EXERCISE DATA below:
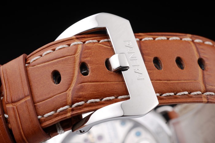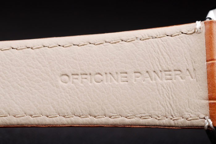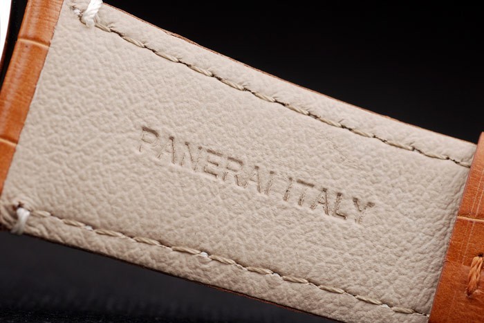 Armband: Brown-Krokodillederband mit weißen Nähten und Wärme geprägt Officine Panerai Italien Stempel und poliertem Edelstahl Haken-Schließe mit Panerai engraving
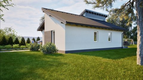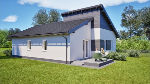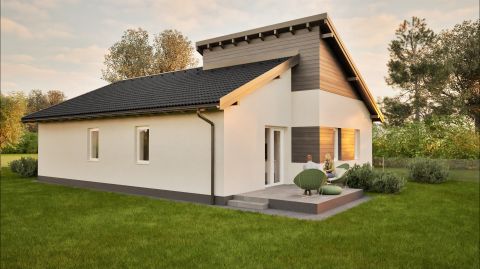 A ház félnyeregtetős kialakítása nem csupán esztétikus, de funkcionálisan is kiemelkedő, biztosítja az optimális csapadékelvezetést. Az antracit színű Bramac Római protector beton cserepek modern megjelenést kölcsönöznek otthonának. A külső és lábazati szigetelések (15 cm EPS és XPS lemezek) a minőségi 30 cm-es Rockwool kőzetgyapot födémszigetelés kiegészítéseként optimális hőszigetelést biztosítanak, hogy a komfort mindig garantált legyen.
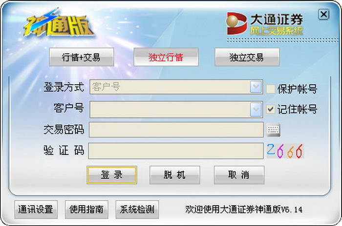 大通证券神通版通达信新增融资融券业务功能;支持股指期货行情;支持付费十档行情;可以设置绿色透明代理,用来通过局域网的防火墙;使用交易帐户登陆行情资讯系统时,可以看最新的《大通研究》报告,还有即时信息提醒随时提供专业资讯。
End of EXERCISE DATA.
— TASK OBJECTIVE —
Transcribe every line of the listing above exactly; skip the pictures.

— SOLUTION —
 Armband: Brown-Krokodillederband mit weißen Nähten und Wärme geprägt Officine Panerai Italien Stempel und poliertem Edelstahl Haken-Schließe mit Panerai engraving
 A ház félnyeregtetős kialakítása nem csupán esztétikus, de funkcionálisan is kiemelkedő, biztosítja az optimális csapadékelvezetést. Az antracit színű Bramac Római protector beton cserepek modern megjelenést kölcsönöznek otthonának. A külső és lábazati szigetelések (15 cm EPS és XPS lemezek) a minőségi 30 cm-es Rockwool kőzetgyapot födémszigetelés kiegészítéseként optimális hőszigetelést biztosítanak, hogy a komfort mindig garantált legyen.
 大通证券神通版通达信新增融资融券业务功能;支持股指期货行情;支持付费十档行情;可以设置绿色透明代理,用来通过局域网的防火墙;使用交易帐户登陆行情资讯系统时,可以看最新的《大通研究》报告,还有即时信息提醒随时提供专业资讯。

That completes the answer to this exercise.